I've trained a sentiment classifier model using Keras library by following the below steps(broadly).
- Convert Text corpus into sequences using Tokenizer object/class
- Build a model using the model.fit() method
- Evaluate this model
Now for scoring using this model, I was able to save the model to a file and load from a file. However I've not found a way to save the Tokenizer object to file. Without this I'll have to process the corpus every time I need to score even a single sentence. Is there a way around this?
The most common way is to use either pickle
or joblib
. Here you have an example on how to use pickle
in order to save Tokenizer
:
import pickle
# saving
with open('tokenizer.pickle', 'wb') as handle:
pickle.dump(tokenizer, handle, protocol=pickle.HIGHEST_PROTOCOL)
# loading
with open('tokenizer.pickle', 'rb') as handle:
tokenizer = pickle.load(handle)
The accepted answer clearly demonstrates how to save the tokenizer. The following is a comment on the problem of (generally) scoring after fitting or saving. Suppose that a list texts
is comprised of two lists Train_text
and Test_text
, where the set of tokens in Test_text
is a subset of the set of tokens in Train_text
(an optimistic assumption). Then fit_on_texts(Train_text)
gives different results for texts_to_sequences(Test_text)
as compared with first calling fit_on_texts(texts)
and then text_to_sequences(Test_text)
.
Concrete Example:
from keras.preprocessing.text import Tokenizer
docs = ["A heart that",
"full up like",
"a landfill",
"no surprises",
"and no alarms"
"a job that slowly"
"Bruises that",
"You look so",
"tired happy",
"no alarms",
"and no surprises"]
docs_train = docs[:7]
docs_test = docs[7:]
# EXPERIMENT 1: FIT TOKENIZER ONLY ON TRAIN
T_1 = Tokenizer()
T_1.fit_on_texts(docs_train) # only train set
encoded_train_1 = T_1.texts_to_sequences(docs_train)
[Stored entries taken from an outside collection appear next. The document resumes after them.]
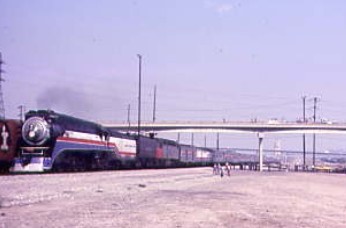 In 1977, the 4449 returned to Portland on an Amtrak Transcontinental Steam Excursion and we caught him heading west through Colton, California.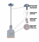 Bl ac kc l ot hc ov er ed wi r e , r ei n f or c edwi t h i n t er n al s t eel c abl e GU10L E DDi mmabl e bu l bsi n c l u ded E x cl u s i v et ex t u r ed v ar i ou ss h apes c on c r et emol ds P en dan t smol ded i nNat u r al Gr ay con cr et ecemen t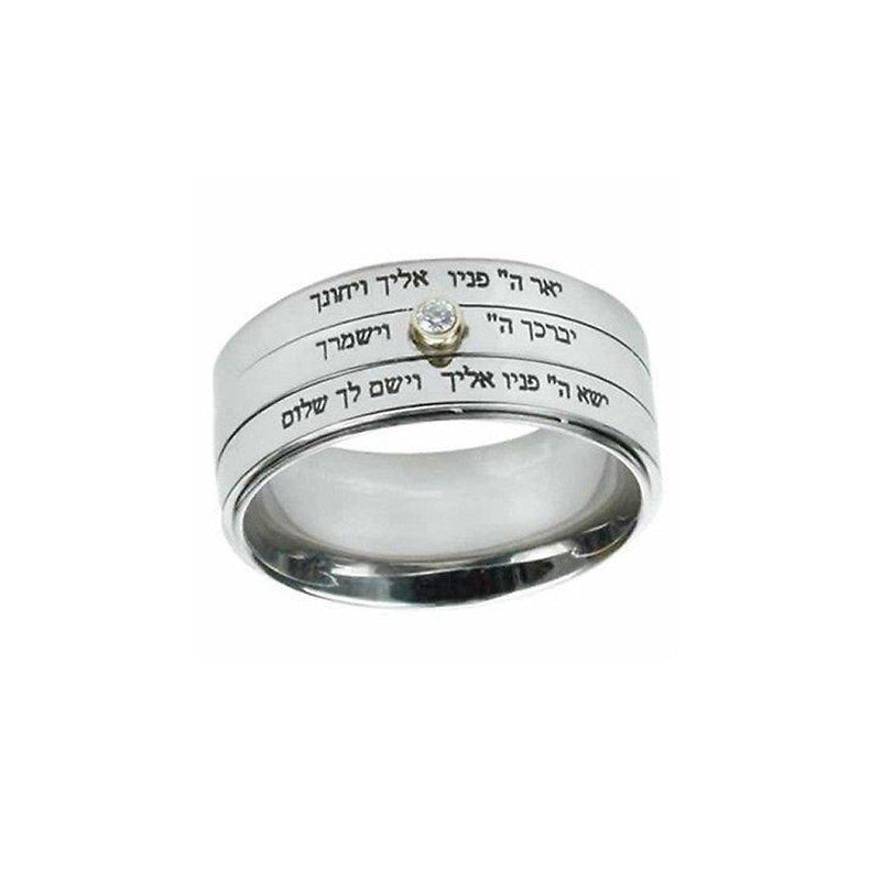 Cette superbe bague faite dans le meilleur acier existant, met en valeur la Bénédiction des Cohanim (Birkat Cohanim). Portez ces bénédictions partout où vous irez!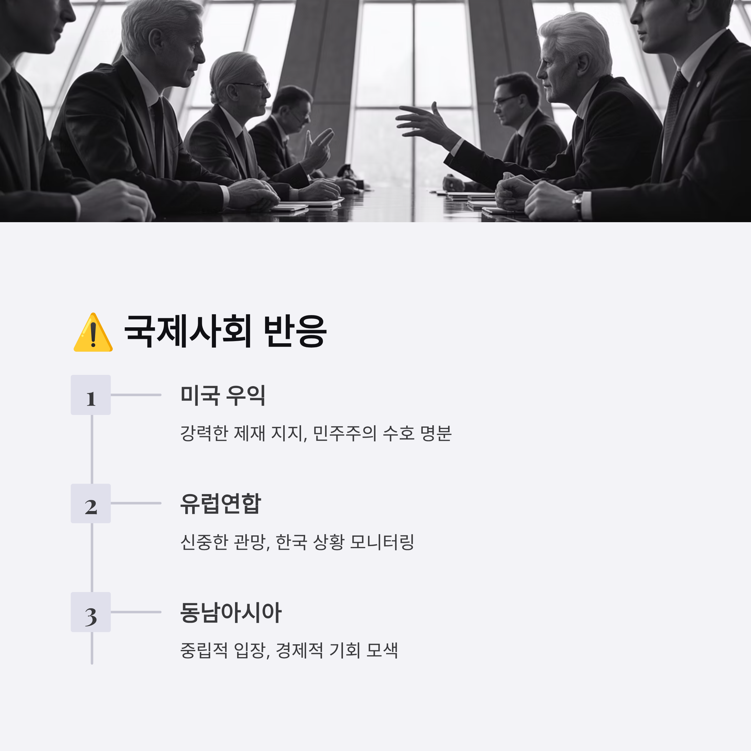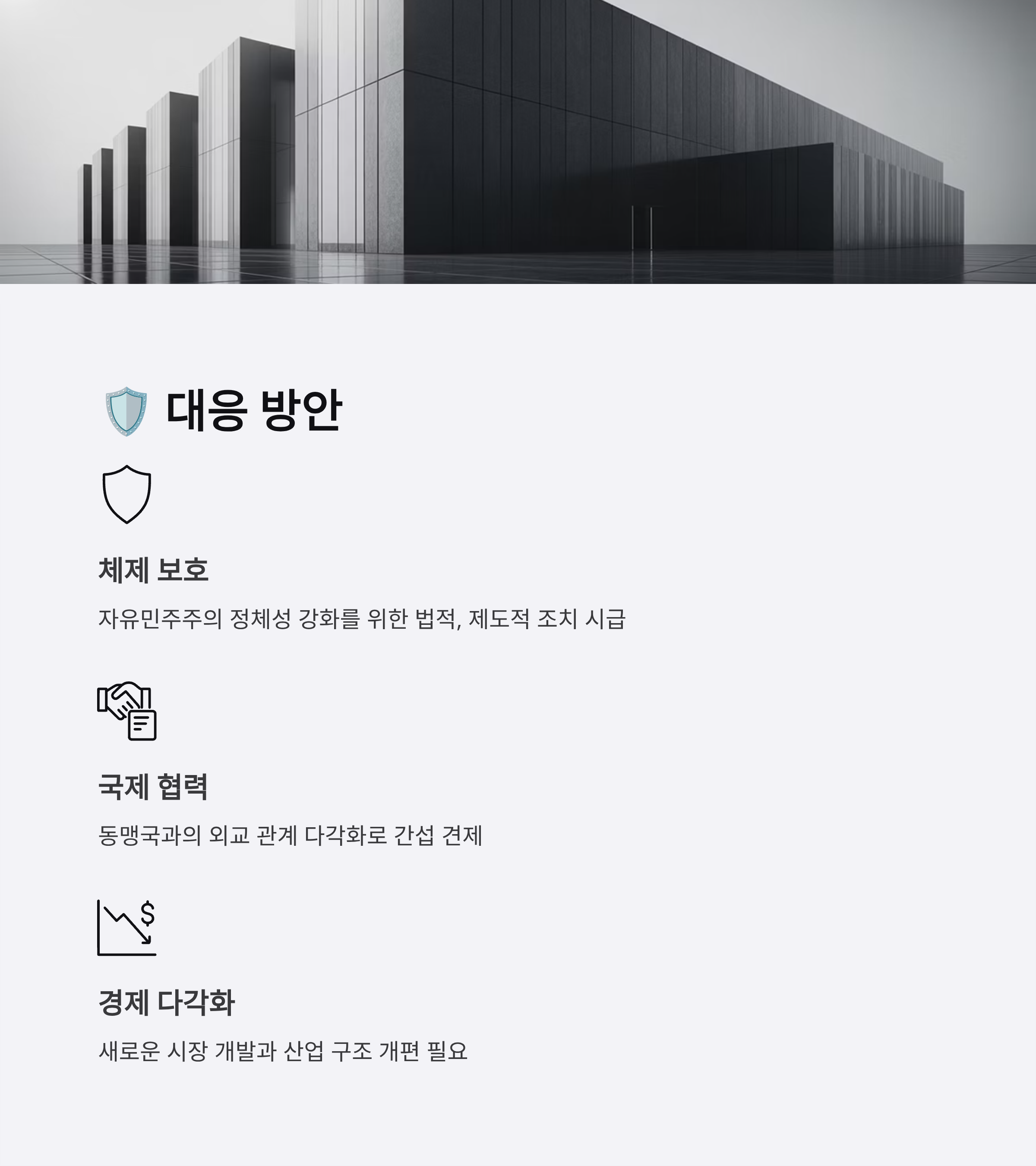 중국의 대만 침공 가능성, 북한의 한국에 대한 군사 도발 시나리오 등이 복합적으로 작용하며, 한국의 체제 논란이 단순히 국가 내부 사안으로 머물지 않고 동아시아 전체의 안보와 연결된 국제적 문제로 확대될 수 있음을 보여줍니다.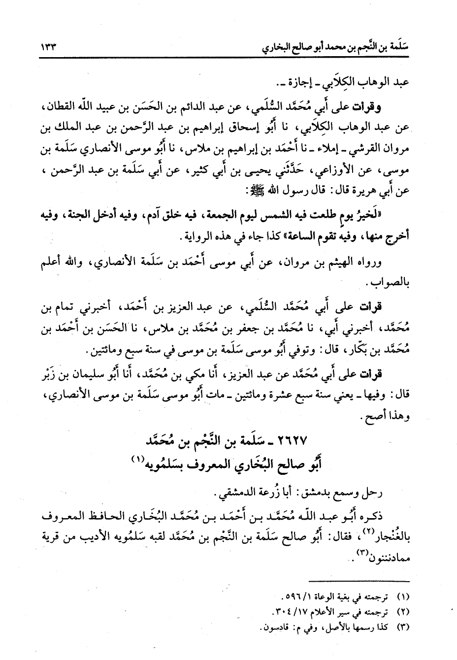 2627 - سلمة بن النجم بن محمد أبو صالح البخاري المعروف بسلمويه (1) رحل وسمع بدمشق أبا زرعة الدمشقي ذكره أبو عبد الله محمد بن أحمد بن محمد البخاري الحافظ المعروف بالغنجار (2) فقال أبو صالح سلمة بن النجم بن محمد لقبه سلمويه الأديب من قرية مما دنننون (3)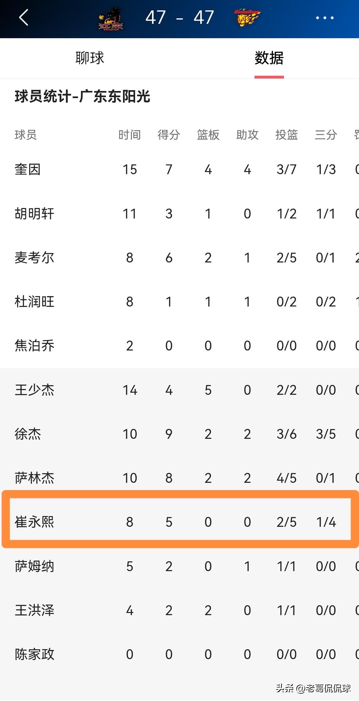 谁能拯救一下广东东阳光球星崔永熙的三分球?在今天广东东阳光客场挑战江苏肯帝亚的焦点战中,目前双方的上半场比赛已经结束,两队战成了47平。在前两节比赛中,崔永熙在三分线外的表现非常低迷,他在替补出战的8分钟里,投篮5中2,其中三分球4中1得到5分,他的场上正负值为-1。 坦白说,如果崔永熙能够不断的增强自己的三分投射能力,那么崔永熙一定会成为广东东阳光的一把利器。
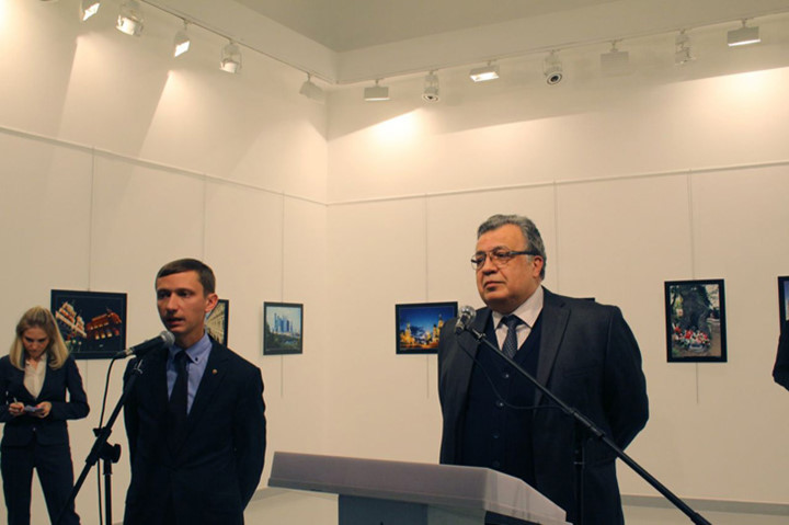 Đại sứ Nga tại Thổ Nhĩ Kỳ, Andrey Karlov, đến khai mạc một triển lãm ảnh của Nga ở Ankara. Người thanh niên phía sau là hung thủ chuẩn bị ám sát ông.

encoded_test_1 = T_1.texts_to_sequences(docs_test)
print("result for test 1:\n%s" %(encoded_test_1,))
# EXPERIMENT 2: FIT TOKENIZER ON BOTH TRAIN + TEST
T_2 = Tokenizer()
T_2.fit_on_texts(docs) # both train and test set
encoded_train_2 = T_2.texts_to_sequences(docs_train)
encoded_test_2 = T_2.texts_to_sequences(docs_test)
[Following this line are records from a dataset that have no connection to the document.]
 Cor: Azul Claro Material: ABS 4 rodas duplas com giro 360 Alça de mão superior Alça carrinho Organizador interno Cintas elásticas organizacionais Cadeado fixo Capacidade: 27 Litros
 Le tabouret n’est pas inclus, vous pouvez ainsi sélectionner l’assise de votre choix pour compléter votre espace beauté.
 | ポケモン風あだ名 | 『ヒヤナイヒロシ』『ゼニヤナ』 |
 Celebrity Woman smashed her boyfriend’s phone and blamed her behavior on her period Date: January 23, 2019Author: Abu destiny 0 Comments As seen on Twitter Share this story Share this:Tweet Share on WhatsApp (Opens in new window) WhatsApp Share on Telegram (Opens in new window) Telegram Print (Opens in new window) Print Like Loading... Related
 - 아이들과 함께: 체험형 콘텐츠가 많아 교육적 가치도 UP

print("result for test 2:\n%s" %(encoded_test_2,))
Results:
result for test 1:
[[3], [10, 3, 9]]
result for test 2:
[[1, 19], [5, 1, 4]]
Of course, if the above optimistic assumption is not satisfied and the set of tokens in Test_text is disjoint from that of Train_test, then test 1 results in a list of empty brackets [].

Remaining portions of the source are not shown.